Each time you go through steps 3-5, you will get a different set of bits. Try it and see.

In general, saying that an algorithm runs in O(f(n)) time means that there exists a constant k such that if you make n large enough, the run time for input of length n will never exceed k*f(n). The time units in which f(n) are expressed doesn't matter, as you can always compensate for a change in unit by changing the value of k. So, for example, if you change the unit from minutes to seconds, multiplying k by 60 will compensate for that change.

To understand the meaning of O(log n), you need only substitute log n for f(n).
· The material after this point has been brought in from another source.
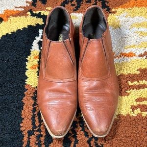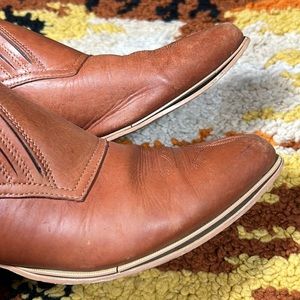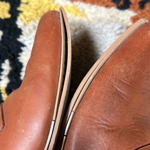 Perfectly worn in. Size is 9.5M. Marks and scuffs give them a killer distressed look! Soles starting to separate. Haven’t tried to mend. Still miles to go. All imperfections photographed and reflected in price.

The base of the log doesn't matter, because you can compensate by the choice of base by scaling k appropriately.

In both examples (O(f(n)) and O(log n)), the value of k is not important; what is important is that it exists.

So, when I say that inserting a new element in an n-element data structure takes O(log n), I am saying the follogwing:

1) Pick a base for the log.
2) Pick a time unit.
3) Once you have done that, I can find a value of k such that for sufficiently large n, inserting an element in an n-element data structure takes no longer than k*log n, where time is measured in the units chosen in (1) and the log is in the base chosen in (2).

Your loop says for x in range(50): , so it will execute 50 times. You want to create a 50 by 50 grid, so you want it to have 2500 entries. How can you expect to create a data structure with 2500 entries if your loop executes only 50 times?

This is my original statement:
It does not make any reference to an if/else if construct.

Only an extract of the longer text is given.